There have been other moments when things have come back.  My face will itch on the side of my face where the scars are, and I’ll reach up to rub it absently, and then I’ll get flashes of memories back.  When I first was in the hospital, the doctors told me that memory is a delicate thing; that my brain had “chosen” to shut off in order to shield me from those worst moments, but that it might not be permanent, and I might very well get those memories back some day.  After nearly eight years, I thought I was in the clear.  On August 27th, it will be eight years since the accident.  I thought, really, that I had lost those ten minutes of my life forever, and truth be told, I was fine with that.  There are some memories you just don’t need to have, you know?

But in the last week, that memory, of the car grill, is becoming more vivid.  And there’s more to the memory than just the grill.  I can remember the point of impact now.  I can remember the car slamming into the passenger side door.  And then my brain shuts off again.  I don’t want to remember this.  I don’t know why, after eight years, those memories are suddenly available to me.

I’ve been reading about repressed memories and post-traumatic memory loss, and it’s weird, because even though I’ve been doing extensive reading on PTSD ever since I was diagnosed back in 2008, I always skipped over those sections, because I felt they didn’t apply to me.  After all this time, why should they?  But something I read made a lot of sense to me:

“a traumatic memory will not surface until that person has developed sufficiently to manage the intensity of that information and to have capacity to process it and build a resolve so that the traumatic memories can be put on a shelf along with all the other memories of a lifetime.” 

In other words…I couldn’t remember these things until my brain and body decided that I was mentally ready to handle them.  Which is a comforting thought, really, when you think about it.  It’s like my body has finally decided that I’m strong enough to handle the intensity.  And where my first inclination is to run away, hide, get as far away from those memories as possible…it’s somewhat comforting to feel that my body and brain think that I am capable of it, that even though I wasn’t in the past seven and a half years, I am now.
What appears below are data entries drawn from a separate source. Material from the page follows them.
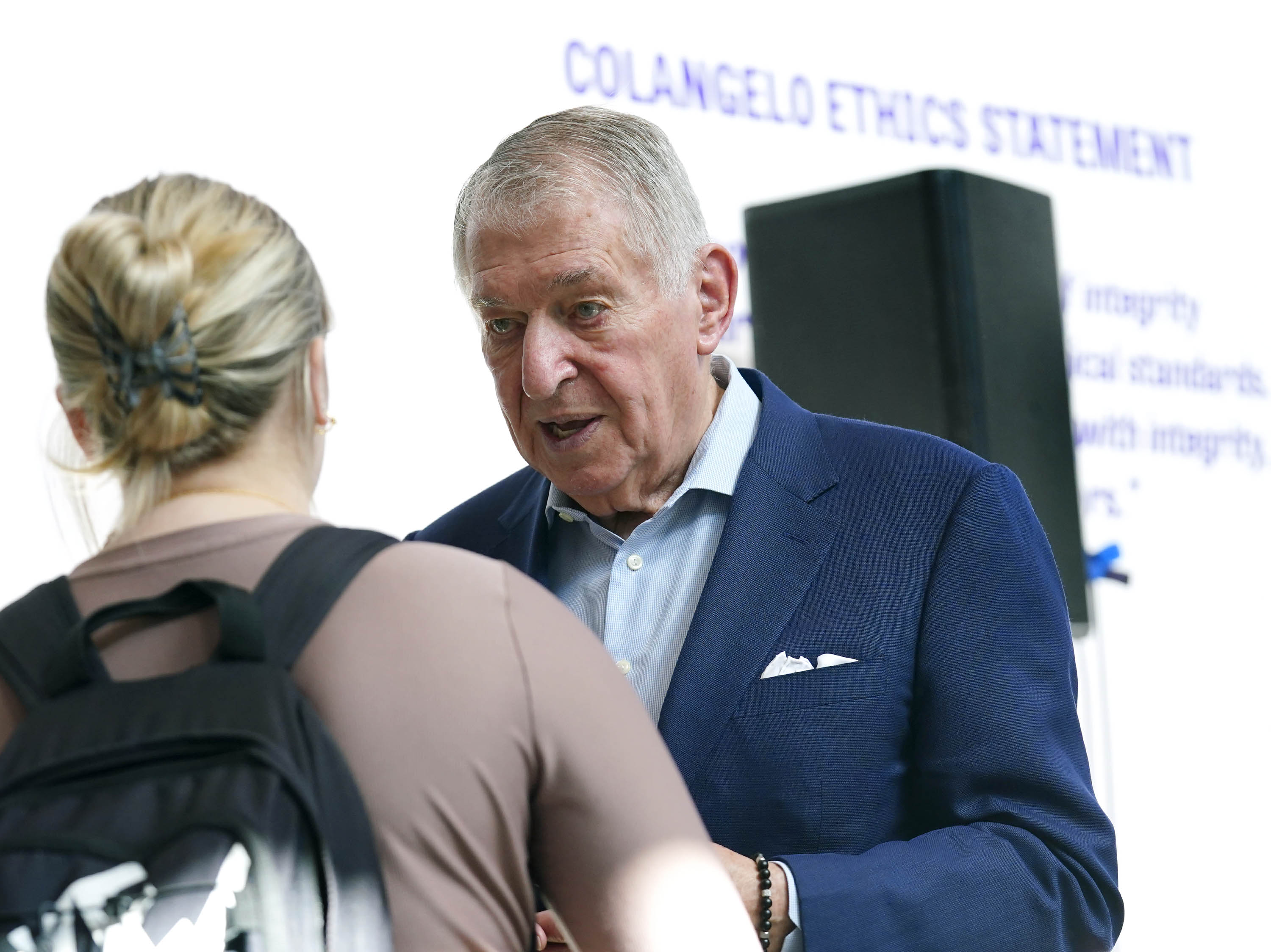 Jerry Colangelo tells students to be good listeners at his T.W. Lewis Speaker Series talk on Thursday in the Colangelo College of Business lobby. -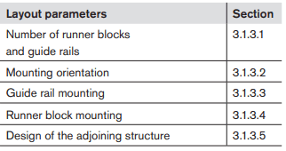 The layout for the profiled rail system now has to be defined (see section 3.1.3). Define the number of runner blocks and guide rails first. Then define the mounting orientation (horizontal, vertical, inclined, wall mounting or overhead mounting). Finally, determine how the guide rails and runner blocks are to be mounted and fastened, keeping the location and use of the reference edges in mind.
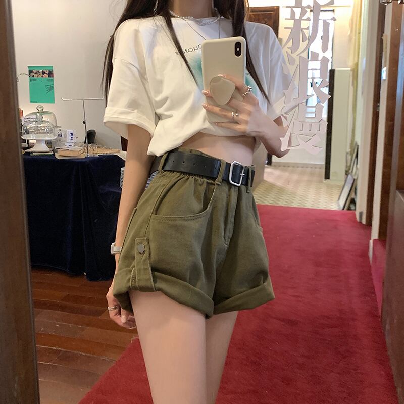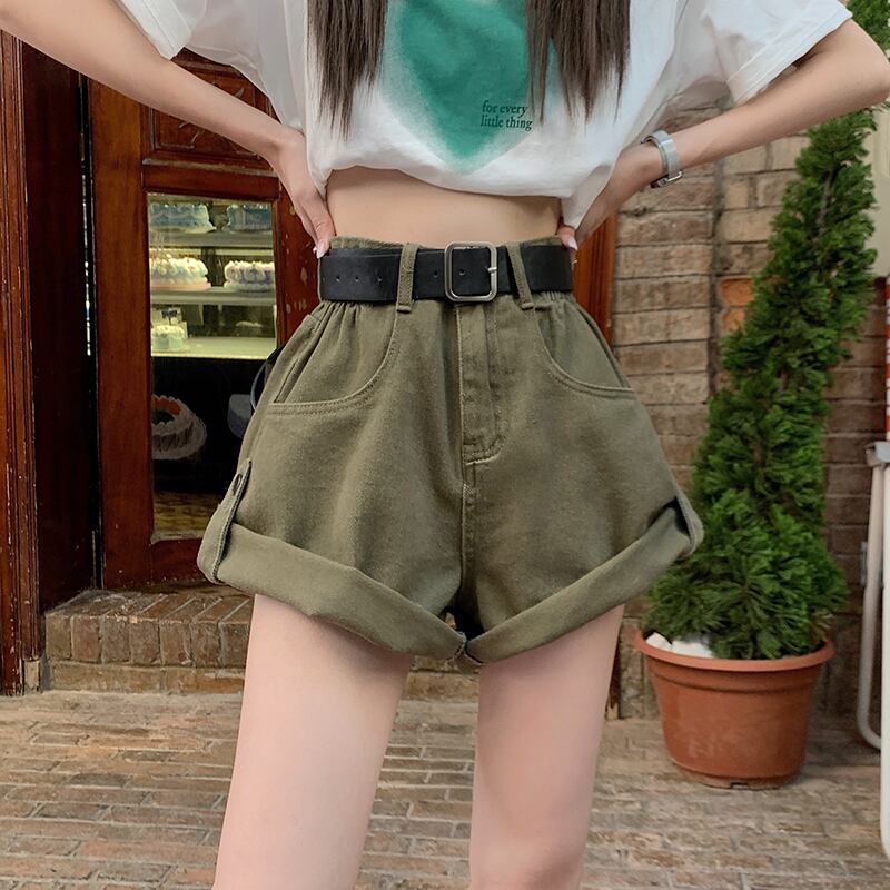 sense high waist loose curly wide leg denim shorts women's summer 2022 new A-line pants pants + belt ハイウェスト サマー 夏物 ハーネス ベルト ショーツ ブルマー Aライン ワイドレッグ ワイドパンツ s576150944263922
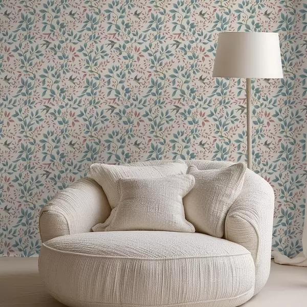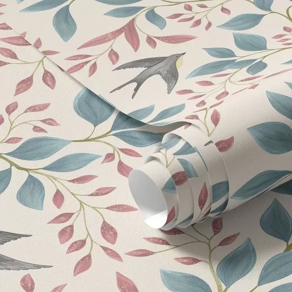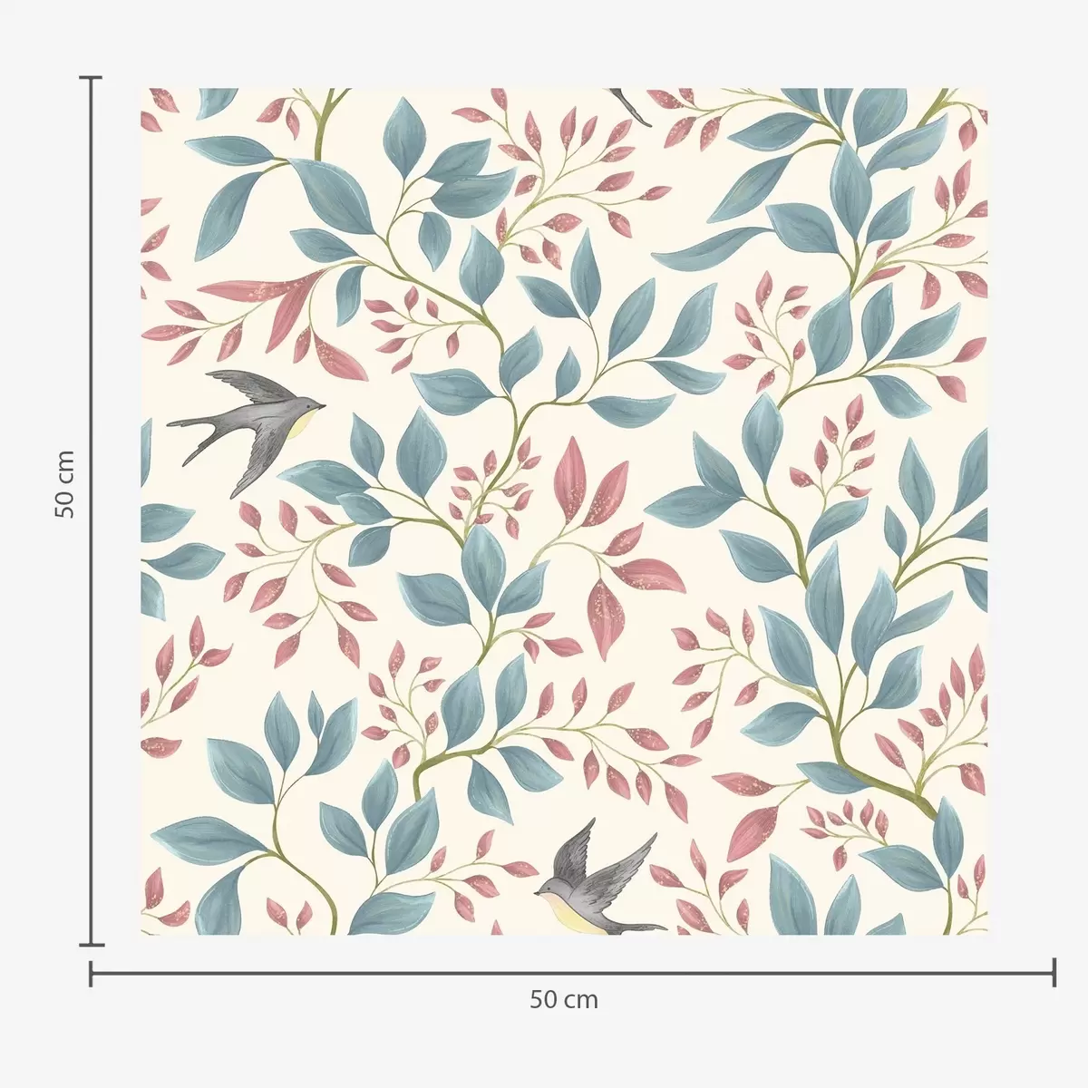 Papel pintado Ramitas azules y rosas con pájaros sobre fondo crema. Nr. a00933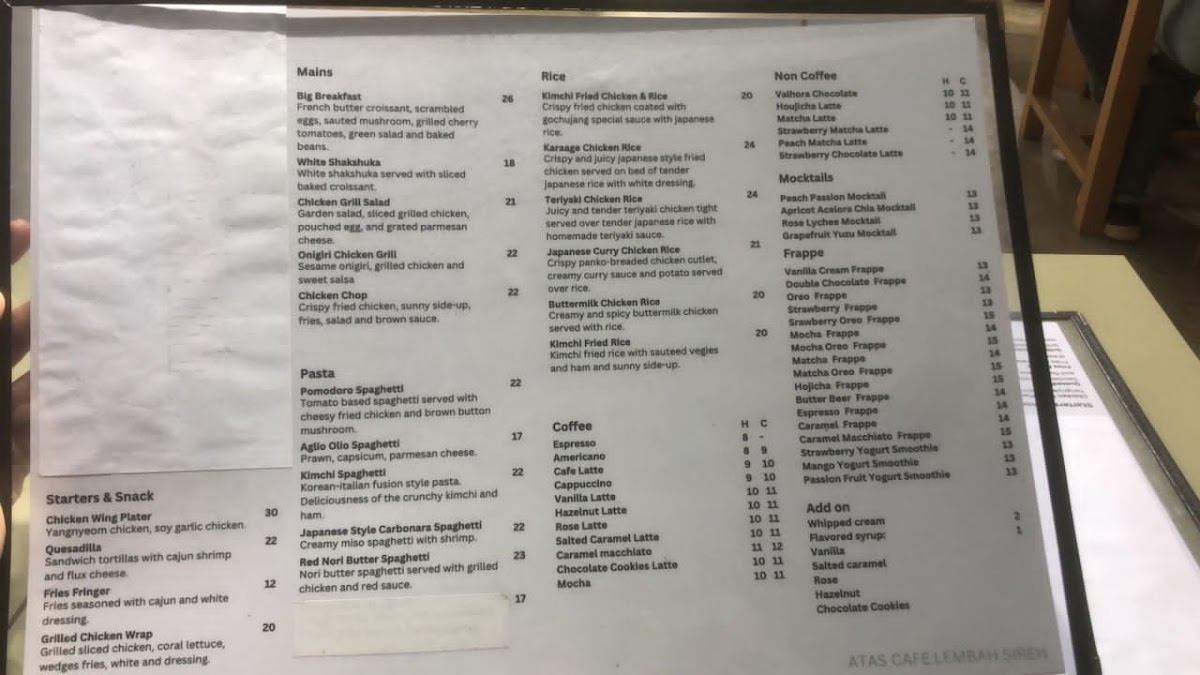 If you're a coffee enthusiast, the cafe’s expertly crafted lattes, complete with beautiful latte art, are worth the visit alone. While the atmosphere is inviting and perfect for chilling out with friends, be prepared for a bit of a climb to reach this culinary gem on the second floor. Overall, Atas Cafe provides a delightful dining experience marked by great food and a relaxing ambiance.

DS asked me yesterday how long it’s been since I started seeing Crazy Bruce.  It’s hard to believe that it’s been three years…I started seeing him in early 2010, when I was still living in Bristol.  Three years we’ve been together, chipping away at the demons inside of me, trying to make me into the best person I can possibly be.  Sometimes it feels like a Sisyphan effort, like I’m working so hard on self-improvement but it never gets anywhere.  But when I look back at what I was, and what I could have been, and compare it to now…compare the way I would have handled myself five years ago, pre-medication, pre-Crazy Bruce…then I can see the results.  I can see how it has all been worth it.

I’m a work in progress, but the outline is starting to make sense, you can see where this is going.  It’s like trying to look at a Monet painting up close.  You can’t see the delicate outlines, the way the colors compliment each other perfectly.  You only see the blobs, the shapeless flowers, the way everything runs together like a mess.  It’s only when you stand back far enough, that you can see that it really does all make sense.